But the Great Ageing is particularly painful because it is coinciding with "the Great Deleveraging", itself compounded by fiscal austerity aimed at addressing deficit spending, and "the Great Migration" - of global growth from developed to emerging economies.
Today, that fuels anxiety and income disparity as globalisation's winners outpace its losers, for all its promise of future prosperity and stability.
"To sum it all up, we're in a perfect storm," he concluded. "Fixation on the short term is blinding society to [these] powerful forces re-shaping our world."
Fink drew attention to how concern about the future was driving up short-term savings. FDIC data show bank deposits growing from $6trn in 2004 to $10trn today, and growing three-times faster in the first nine months of 2011 as through the whole of 2010.
But even in China people are keeping "far too much of their savings in short-term deposits", he added.
"Whether it comes from an individual, a corporation or a pension fund […] you need to get off the sidelines and get your money working again," said Fink.
It was the only way pension funds will meet their commitments, he said, and individuals had to understand the cost - to themselves and to society - of sitting in cash, even with low inflation.
"No-one talks about that cost: they all talk about the cost of volatility, or the cost of short-term decisions - but never the cost of sitting on cash," he said.
If savers are turned into long-term investors, Fink argued, we go some way to addressing the pressures of the Great Ageing.
"Longevity is an asset to be leveraged, not a curse," he said. "I'll be the first to say that the asset management industry has not done a great job of helping investors take a long-term view."
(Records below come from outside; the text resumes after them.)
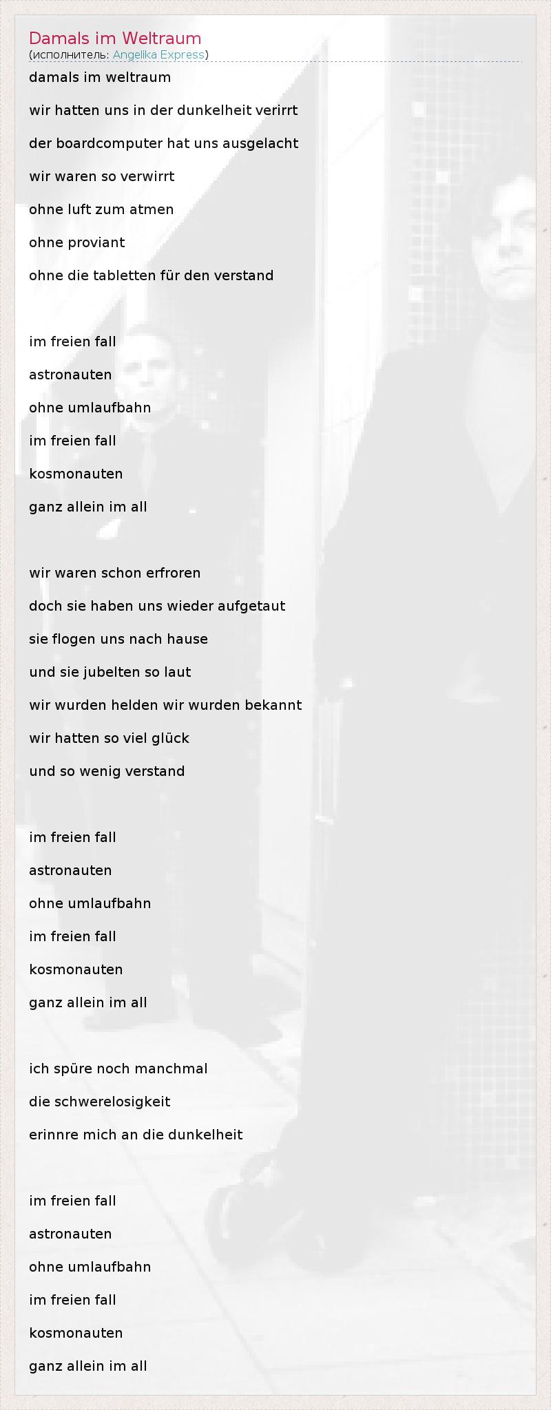 А как ты думаешь, о чем песня "Damals im Weltraum" ?
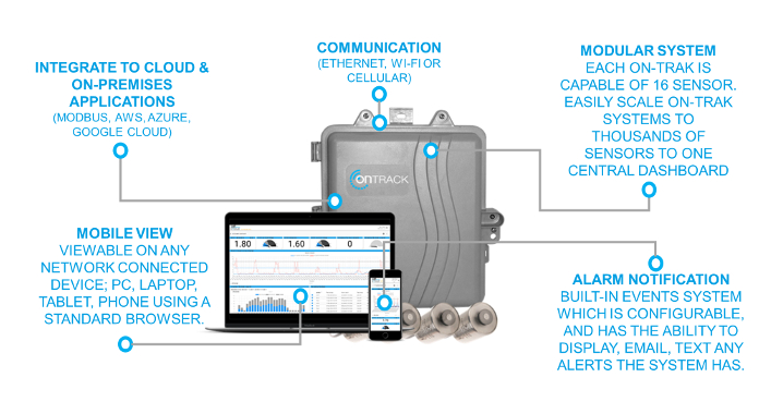 The On-Trak accommodates up to 16 channels and is built to scale from one system to hundreds, utilizing unique IDs and factory configuration, simply plug in, connect and data will be streaming in minutes.
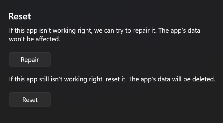 Poprawka 5 – napraw lub zresetuj aplikację Microsoft Teams
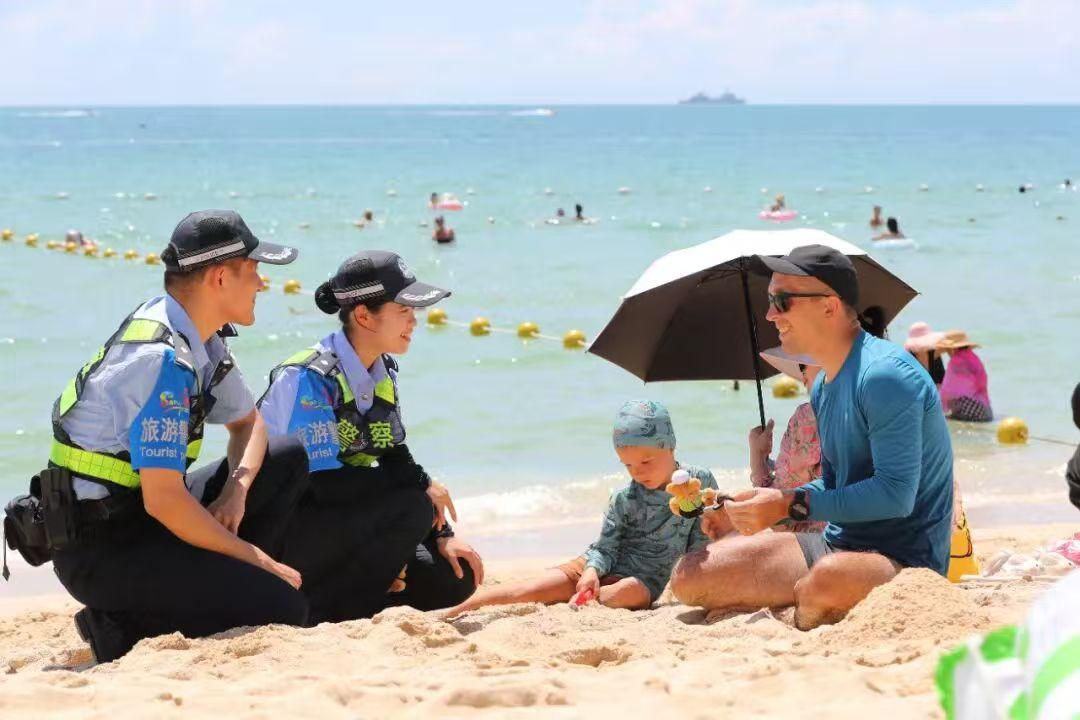 “我們非常喜歡三亞,這里非常舒適、安全,我去了很多地方,服務都很好”。10月4日上午,大東海景區(qū),碧海藍天、椰林沙灘,美不勝收,俄羅斯籍游客正帶著孩子在大東海沙灘上玩耍,當旅游警察陳玨用俄語向其宣傳旅游安全知識時,這位外籍游客高興地說道。
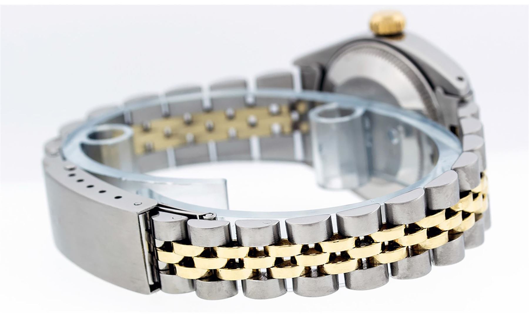 One Ladies Pre Owned Two Tone Rolex Datejust Polished, Serviced & Electronically Tested, Rolex Yellow Gold & Stainless Steel Case: 26mm, Rolex Yellow Gold Crown, Rolex Bezel: Yellow Gold Fluted Bezel. Custom Crystal: New Acrylic Cyclops Lens. Custom Hands: New Luminescent Hands. Rolex Movement: Automatic Winding Movement. Custom Dial: Refinish To Slate Grey With Diamond Hour Markers, Diamond Count: 10 Diamonds, Color: G to H, Clarity: VS2-SI1. Date Window: 3 O'Clock Position Date Display, Model: Datejust. Condition: G-6 Extra Fine. Rolex Bracelet: Two Tone Yellow Gold & Stainless Steel Jubilee Band. Bright Polish. 6.0 Inch Length, Adjustable. Standard Clasp, With Rolex Logo. This Watch Has Been Serviced Time Tested And Is In Excellent Condition It Is Free Of All Scratches And Dents.

He outlined the industry's responsibility to educate investors about "new sources of income, like dividend-paying stocks or higher-yielding corporate bonds", and about mixing passive, active and alternative investments to get away from sterile 60/40 portfolios.
"We need to help public and private pension funds face up to the adjustments necessary to meet their obligations - such as revisiting outdated, over-restrictive investment guidelines," he said.
But he also made a call to corporate sponsors of pension benefits to meet their "moral responsibility" to educate their employees.
"Shifting from a defined benefit to a defined contribution plan doesn't absolve them of that responsibility," he insisted, criticising governments for taking short-termist positions.
He called for tax reform to encourage long-term investment, but also for governments to invest for returns that might not be realised for years - from updating "crumbling infrastructure" to research and education.
"It's our responsibility as leaders of business, finance and government," he concluded. "All of us must answer the call."